The International Marxist Tendency (IMT) is an international Marxist political tendency. It was founded by Trotskyist political theorist Ted Grant and his supporters following their break with the Committee for a Workers' International in 1992. The organization's website, Marxist.com or In Defence of Marxism, is edited by Alan Woods. The site is multilingual, and publishes international current affairs articles written from a Marxist perspective, as well as many historical and theoretical articles. The IMT is active in over 40 countries worldwide.

History

Militant (also known as the Militant tendency) was an entryist group within the British Labour Party based around the Militant newspaper which was founded in 1964. In 1974, Militant and its allies in Sweden, Ireland and other countries formed the Committee for a Workers' International.  The organisation gained more members during the 1970s and early 1980s and dominated the Labour Party in Liverpool. It became the largest Trotskyist group in Europe. In 1983, the five members of the Militant newspaper's editorial board were expelled for contravening the Labour Party constitution and expulsions of Militant members continued throughout the rest of the decade.

Ted Grant was a long time leader of Militant until it split in early 1992 over a number of issues, primarily whether to continue working within the Labour Party. The majority, rejecting entryism, formed Militant Labour, which subsequently became the Socialist Party of England and Wales. Grant argued that leaving Labour would amount to throwing away many decades of patient work and maintained that Marxists should remain within the party.

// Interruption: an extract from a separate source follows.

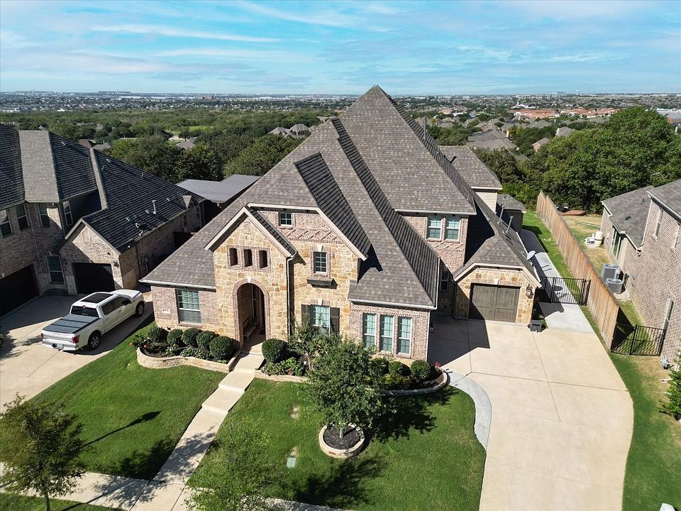 This 4 bedroom, 6 bath executive home in the Bluffs at Heritage Addition and in KELLER ISD sits high up and has a picturesque backdrop of gorgeous trees and breathtaking views.Welcoming entry leads to an open floor plan combining family room, dining room and kitchen. Family room features a modern chandelier from Williams Sonoma, stone gas fireplace and hand-scraped wood flooring. Culinary kitchen offers an oversized quartz island, abundant prep space, KitchenAid stainless appliances including gas range, ice machine, wine refrigerator and refrigerator. Owner's retreat includes with dual vanities, walk in shower, garden tub and massive walk-in closet customized by California Closets. All 4 bedrooms on first floor. Second floor features gameroom, media room, wet bar.Amazing outdoor space includes stone fireplace with 36 inch grill and sitting area; resort-style pool and spa overlooking wooded area with walking trails

However, he and his supporters were expelled from the tendency and together with Alan Woods they formed Socialist Appeal in Britain.

The factional fight within Militant that led to the expulsion of Grant and Woods also played itself out within the CWI, with supporters of the Grant faction leaving to form the Committee for a Marxist International in several countries, particularly Spain.

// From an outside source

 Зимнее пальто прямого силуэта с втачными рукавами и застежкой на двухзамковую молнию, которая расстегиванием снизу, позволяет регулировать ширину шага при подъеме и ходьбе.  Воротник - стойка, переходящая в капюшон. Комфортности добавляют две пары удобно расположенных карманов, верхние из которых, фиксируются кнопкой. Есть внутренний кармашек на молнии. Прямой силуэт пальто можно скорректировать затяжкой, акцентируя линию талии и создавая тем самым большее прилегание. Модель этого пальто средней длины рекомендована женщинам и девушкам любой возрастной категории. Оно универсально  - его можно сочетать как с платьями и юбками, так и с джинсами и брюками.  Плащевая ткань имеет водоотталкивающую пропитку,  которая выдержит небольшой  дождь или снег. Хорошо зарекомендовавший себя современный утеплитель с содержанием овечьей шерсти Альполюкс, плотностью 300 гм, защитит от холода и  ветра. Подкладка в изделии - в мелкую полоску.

At its World Congress in 2006, the organisation was renamed the International Marxist Tendency (IMT).

Woods is editor of the British section's journal Socialist Appeal and of the IMT website, In Defence of Marxism.

Theory and tactics

The International Marxist Tendency adheres to Orthodox Trotskyism, emphasising the education of cadres of workers and youth. In particular, the organization claims the scientific socialism of Karl Marx as the fundamental basis of its political and philosophical theory. It adds other authors to its theoretical corpus, mainly Lenin and Trotsky, but also Friedrich Engels and Rosa Luxemburg.

The IMT is a revolutionary international organization whose objective is the overthrow of the capitalist system and the establishment of a socialist society, without social classes and without State, where production would be managed collectively by, and for, the benefit of all. However, the organization's position is that in this process, there will necessarily exist a transitional workers' state which the working class will democratically control: "While the capitalists need a state to maintain class rule, the workers need one precisely to end it."

Just as the Committee for a Worker's International pursued a policy of entryism within traditional mass social democratic parties up until the early 1990s, IMT groups across the world pursue this method in their respective Labour Parties (where they exist). The organization considers that it is necessary to spread the ideas of Marxism within preexisting political organizations because it allows to reach the most militant elements of the working class. Its general stance is that to cut itself off from these organizations is a sectarian attitude which confines the Marxist ideas to the margins of the movement. Therefore, in general, the militants of the IMT will attempt to carry on their political work within communist or social-democratic parties.

This main strategy is applied in a flexible way depending on the context. Rather than a rigid doctrine, it is a general line to be used as a guide for action. For example, the French section of the IMT (Révolution) works within La France Insoumise, the British section (Socialist Appeal) used to work as a collective within the Labour Party, and the American section (Socialist Revolution) does not pursue entryism, instead supporting a campaign for a trade union-backed Labour Party.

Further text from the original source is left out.